M. de Villepin, mis en examen pour "complicité de dénonciation calomnieuse, recel de vol et d'abus de confiance, complicité d'usage de faux" fin juillet dans cette affaire où Nicolas Sarkozy est partie civile, sera entendu sur le fond par les juges d'Huy et Pons le jeudi 13 septembre.

"Je répondrai à l'ensemble des questions parce que je ne revendique aucun privilège dans cette affaire. Le 13 septembre, la vérité fera un grand pas en avant", a affirmé M. de Villepin, qui s'est plongé dans "les 27 volumes" du dossier Clearstream et en est ressorti "stupéfait" de ce qu'il y a lu.

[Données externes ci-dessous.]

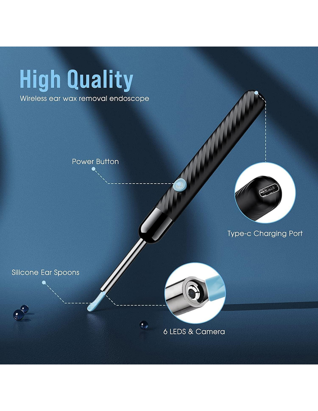 - Paquete: Kit de Eliminación de Cerumen con Luz*1, Cubierta de Tapón de Silicona*5, Botella de Almacenamiento de Cubierta de Tapón*1, Kit de Cucharas para Oídos Tradicional*7, Cable de Carga*1, Manual de Instrucciones*1
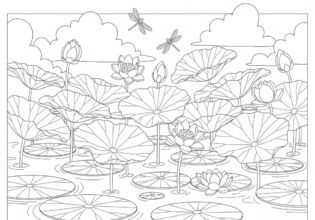 蓮のクローズアップのぬりえ【無料ダウンロード】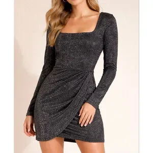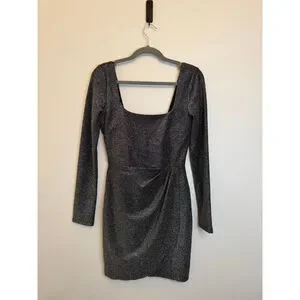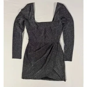 Altar'd State Silver Sparkle Mini Dress Small Metallic Lurex Wrap Evening Sexy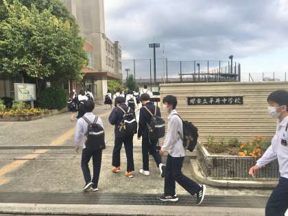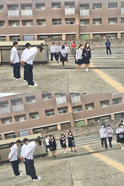 18日(火)登校の様子 〜率先あいさつ〜 公開日 2022/10/18 更新日 2022/10/18 学校 18日(火)登校の様子です。後期生徒会の生徒が、登校してくる生徒を元気なあいさつで迎えてくれています。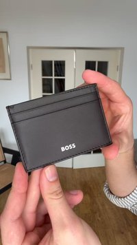 Porte-cartes en cuir noir avec trois emplacements pour cartes et logo "BOSS" argenté sur le devant, présenté sur un fond blanc uni.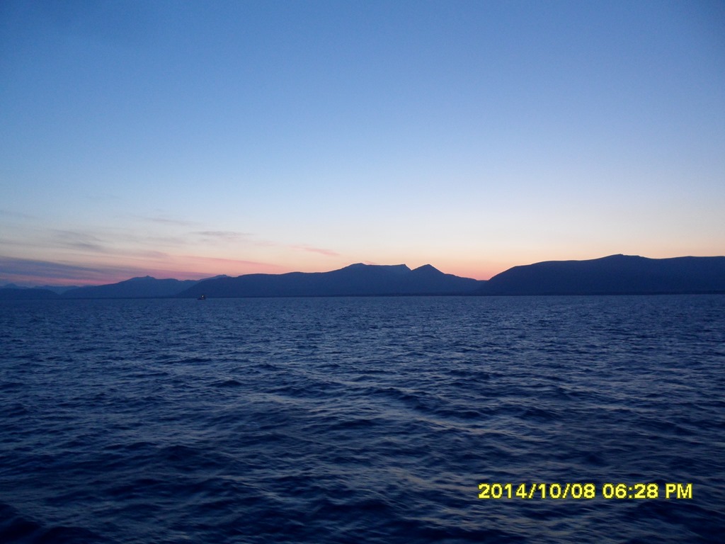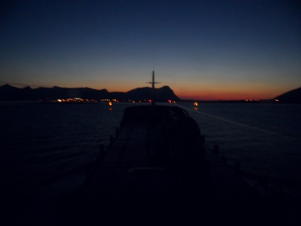 02:00 Kommer på vakt vid Andöybron och fortsätter vidare genom Risöyrenna. Vi går med reducerad fart för att vara framme på Andenes klockan 07.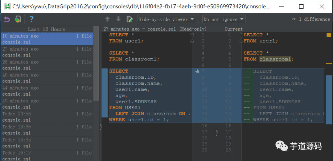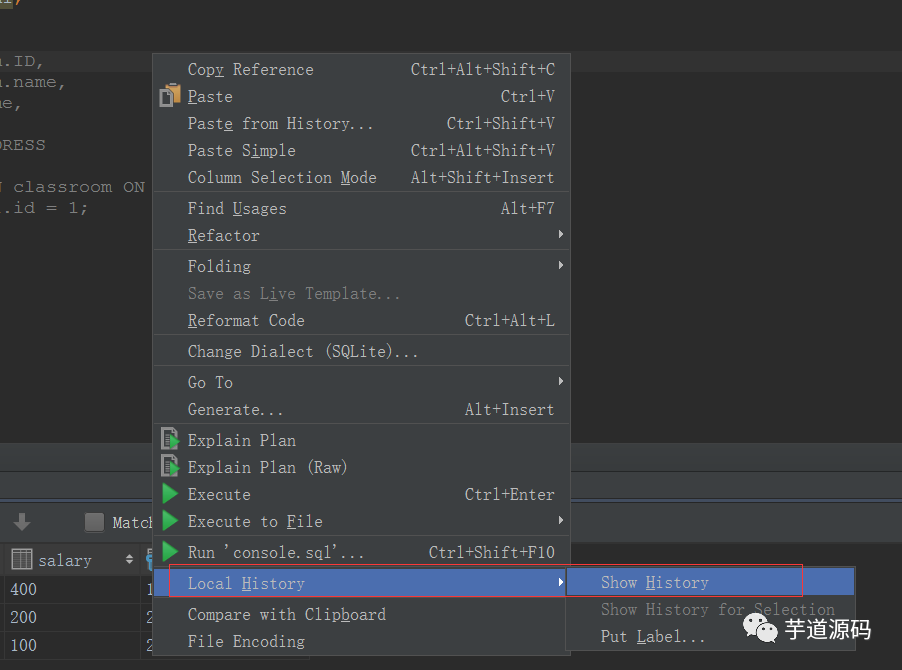 在文本编辑器中,邮件,local history,show history,可以查看使用过的sql历史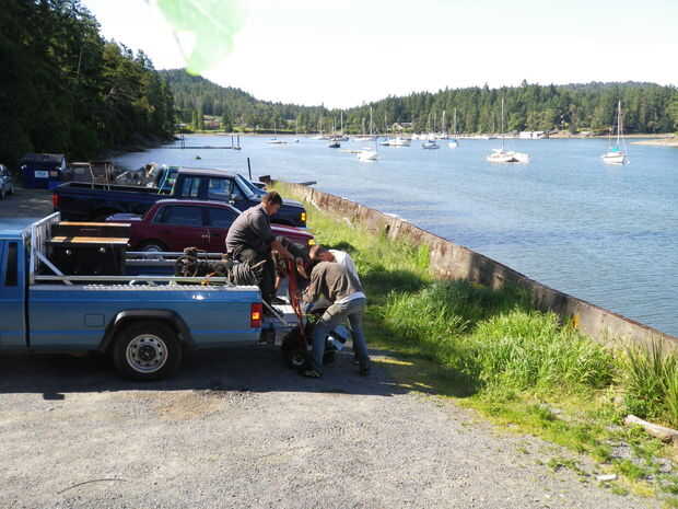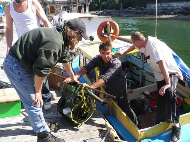 En una tarde soleada de primavera, finalmente levantó todos 400 libras de los Volvo Penta 'poco' en la estación y le cargué. Una vez más, el punto clave en esta lección es amigos y cerveza... (porciones de ambos).
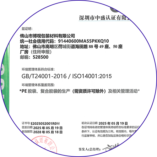 博觀通過環境管理14001認證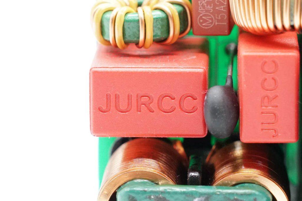 用于PFC供电滤波的捷威薄膜电容,规格为1μF 450V,电容后面是PFC升压电感。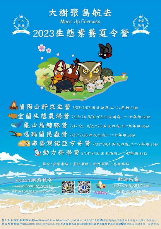 五、營隊課程5月1日開放網路報名,詳見網站:http://www.i3nature.com.tw,倘有相關問題,請逕洽該公司林雨亭小姐,電話:(02) 37653617。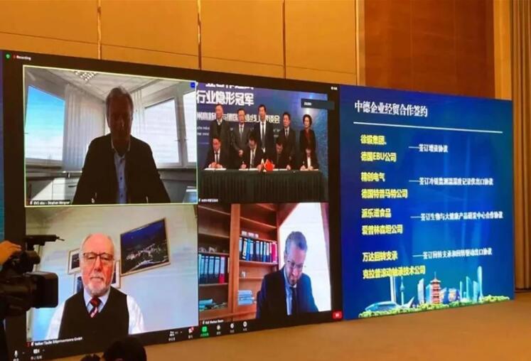 活动现场,徐州高新区和德国隐形冠军企业协会在会上达成战略合作协议,“徐州高新区驻欧洲经贸代表处”成功揭牌,徐锻集团和德国EBU公司签订增资协议,精创电气和德国特普马特公司签订冷链检测温湿度记录仪出口协议,派乐滋食品与爱普林斯坦签订共建生物与大健康产品研发中心合作协议,万达回转支承与克拉普滚动轴承技术公司签订出口协议,4家德国企业通过网上连线签订意向投资协议。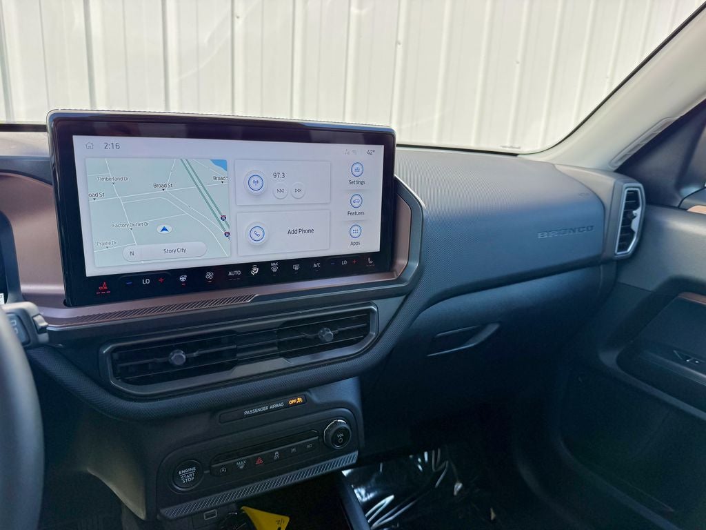 The upscale Outer Banks trim outfits the Bronco Sport with distinctive 18-inch carbonized gray-painted aluminum wheels, all-terrain tires, and signature LED lighting with unique Outer Banks badging. Inside, you'll find premium leather seating surfaces with heated front seats, a heated leather-wrapped steering wheel, and elegant interior accents. The versatile and spacious cabin offers ample cargo space, along with dual-zone automatic climate control and a 6-speaker audio system with SYNC 4 connectivity for every adventure.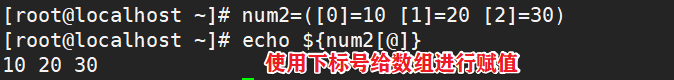 方式二:数组名=([0]=value [1]=value [2]=value)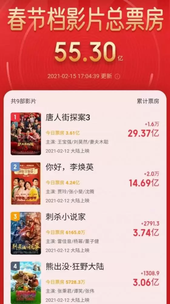 春节档总票房突破55亿元!《你好,李焕英》单日票房反超《唐探3》!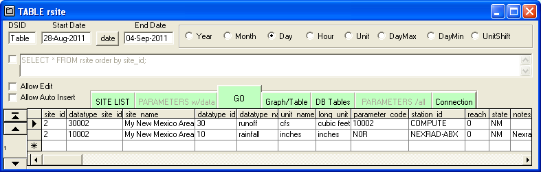 the needed info to table Rsite. Also some Wizards will add all the needed info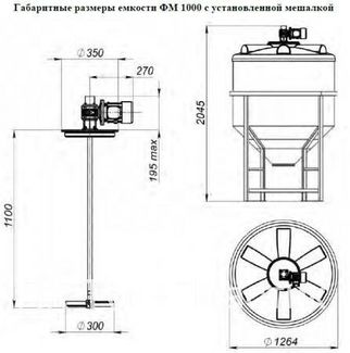 Емкость пластиковая ФМ 1000 в обрешетке с лопастной мешалкой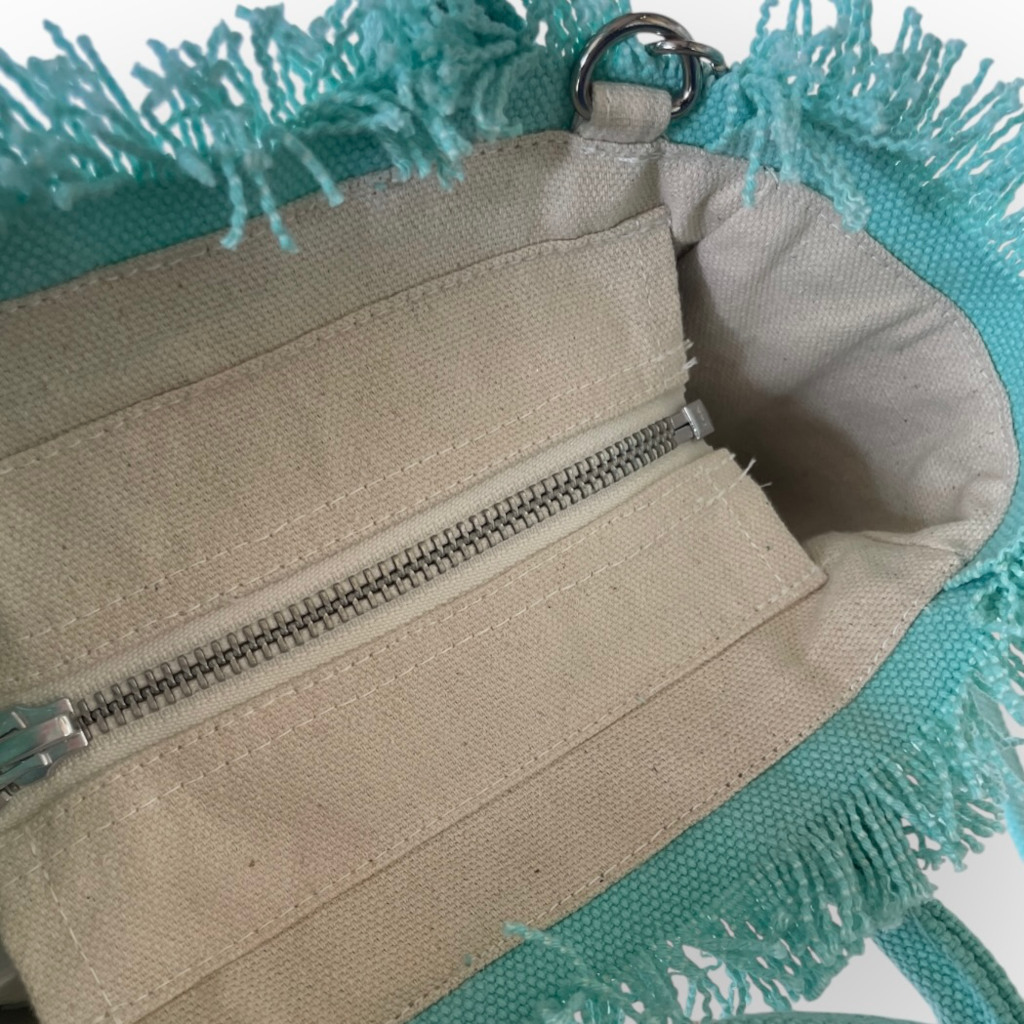 Ideale per la stagione estiva, vacanze, giornate al mare o passeggiate in città, la Vanity Mini tiffany con scritta bianca è il must-have perfetto per chi ama accessori trendy, luminosi e dallo stile inconfondibile.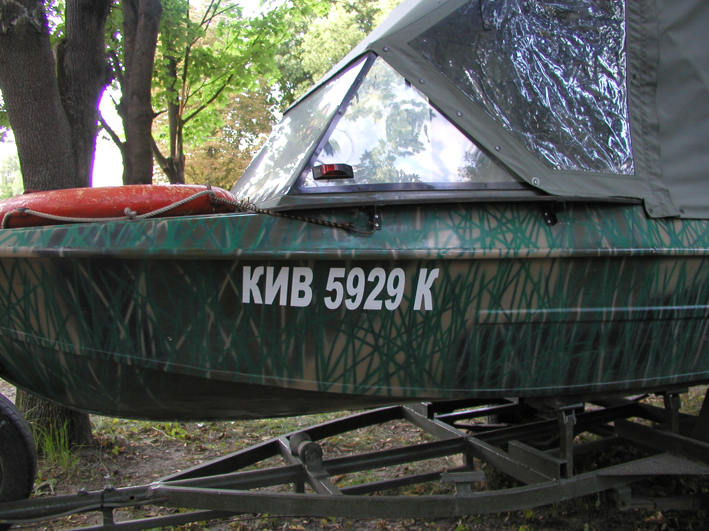 Лодка модернизирована в 2008г. Продольные реданы, корпус запенен – повышенной плавучести, камуфляжная окраска, вращающиеся передние сидения, задний диван с рундуком, бакелитовые пайолы, лобовое стекло, тент ходовой, электропомпа, панель приборов, навигационные огни, прожектор, сирена, розетка 12 В, контейнер с аккумулятором, выключатель массы, якорь Холла, круг, весла, эхолот.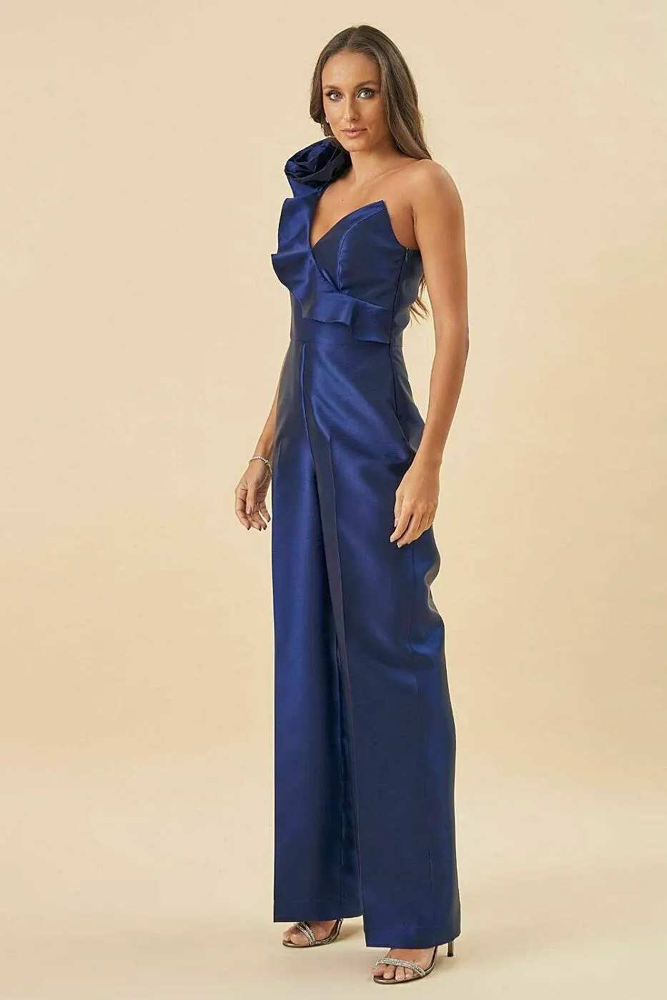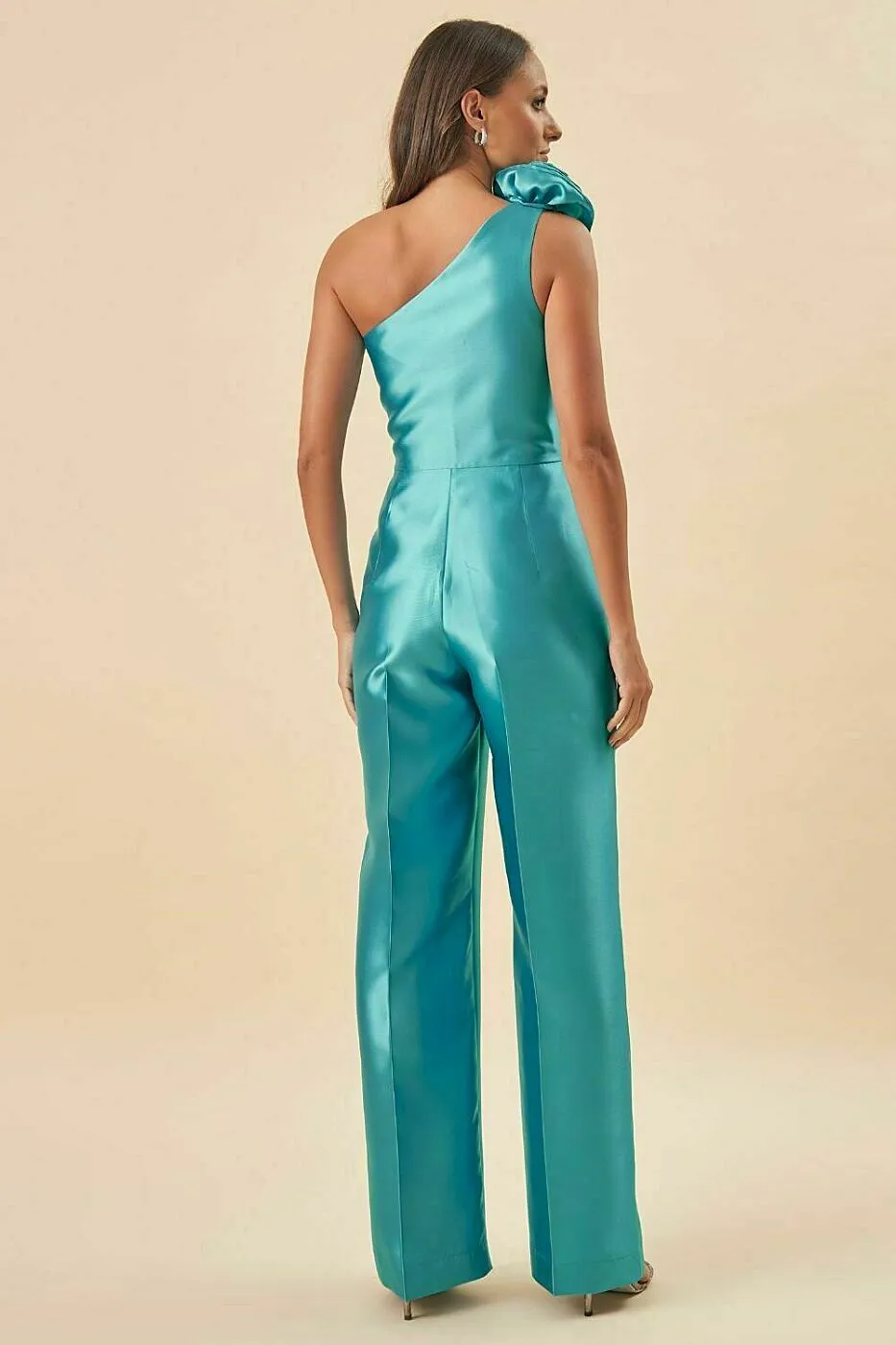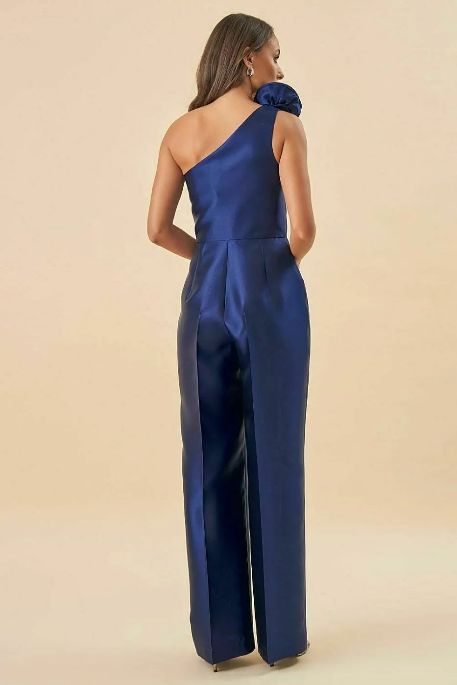 Ficha técnica: 100% poliéster. Tecido em zibeline com estrutura e leve brilho acetinado. Modelagem de um ombro só com flor estruturada aplicada e calça pantalona com pregas nas costas. Zíper posterior embutido. Cor: clássica e sofisticada. Origem: nacional. Cuidados: lavar a seco ou manualmente com sabão neutro, não torcer, secar pendurado à sombra e passar em temperatura baixa pelo avesso.

"Je souhaite simplement que les conditions nécessaires d'un état de droit soient remplies", a déclaré l'ancien Premier ministre de Jacques Chirac.

"Comment peut-on être partie civile alors qu'on est président de la République, président du Conseil supérieur de la magistrature, qu'on peut se tenir jour après jour informé d'un dossier - y compris de ce qui n'est pas dans le dossier - et qu'on peut donner des instructions à la chancellerie et au parquet?", a-t-il poursuivi.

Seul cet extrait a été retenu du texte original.